Scripts to create a collection of open freight transport data sets from EuroStats, Destatis, CBS StatLine and Rijkswaterstaat. See figure below for an overview. We deliver two IWT data sets: one file covers the total annual IWT performance (billion tonkilometers) per EU country from 1970 and the other includes annual IWT volumes (thousand tonnes) per EU country and good type. For IWT volumes to, from and via The Netherlands, the origin and destination information on NUTS-2 level is also included from 1988 onwards. The IWT performance data set is named ‘eu iwt time series tonkm.csv’. The IWT volumes per good type is named ‘eu iwt time series goodtypes.csv’. Both files can be found on the mainpage. The input data sources are also in this repository under GitHub\Freight-Transport-Data\data\sources. The folder structure under 'sources' follows the headings of the figure: CBS, CBS Archive, Destatis and EuroStat. The mappings between the several classifications can be found under 'mappings'. The scripts are all Jupyter Notebook files (.ipynb) and are stored under GitHub\Freight-Transport-Data\src.

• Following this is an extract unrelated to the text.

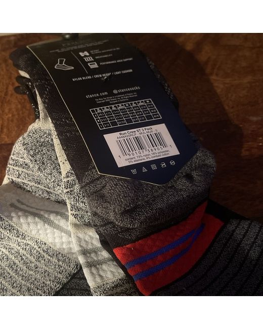 All good things come in 3's. Running is an everyday pursuit. Get prepared for the week ahead with the Stance Run Crew ST 3 pack. Three premier pairs of our finest performance-mined socks, designed for avid runners everywhere. 3 Pairs in one pack. Features: - Fabric: 73% Nylon, 22% Polyester, 5% Elastane (may vary with color) - Breathable perfomance mesh with reflective logo for increased visibility - Left/Right Engineered Arch Support - Reinforced heel & toe with FEEL360 Technology - Recommended: Machine Wash in 40 °C / 104 °F. Avoid Bleaching or Ironing the socks. Socks will last longer if you keep them out of the dryer. SKU: A448A20RCP-MUL Material: Nylon Color: Multi (Black/Grey/Black

Although we attempted to automize the processing as much as possible, some task are conducted manually. The code to retrieve IWT volume data from image files (.jpeg) need to be adjusted manually by the user for every year between 1970-1982 ('retrieve_table_from_multiple_images.ipynb'). The provided code is just an example to retrieve IWT volumes from the image file regarding one year. Since the structure of the images is not consistent over all years and the automatic retrieval is not 100% accurate, manual processing is partly needed in this step.
The same applies for the generation of the time series for The Netherlands between 1970-1987, using the processed image files as input ('generate_time_series_nl.ipynb'). From 1982-1987, goods types on domestic transport were published on 4 NST-R digits, before 1982 on 3 NST-R digits. Goods types on international transport were published on 2 digits. Therefore, there are two different piece of codes to prepare for the mapping from NST-R to NST2007. The user can simply uncomment the piece, referring to different period
The goods type imputation also requires some manual adjusting in the code for France, Poland, Romania, Bulgaria and Croatia ('iwt_eu_goodtype_historical_imputed.ipynb'). The user has to enter the country manually, for which the imputation should be executed. Since the missing values for the goods types vary between the countries, the imputation period need also to be entered manually in the code. The imputation periods per country can be derived from Figure 2 in the paper.
Some steps refer to figures in our data paper, so the reader is facilitated to reproduce these figures if needed.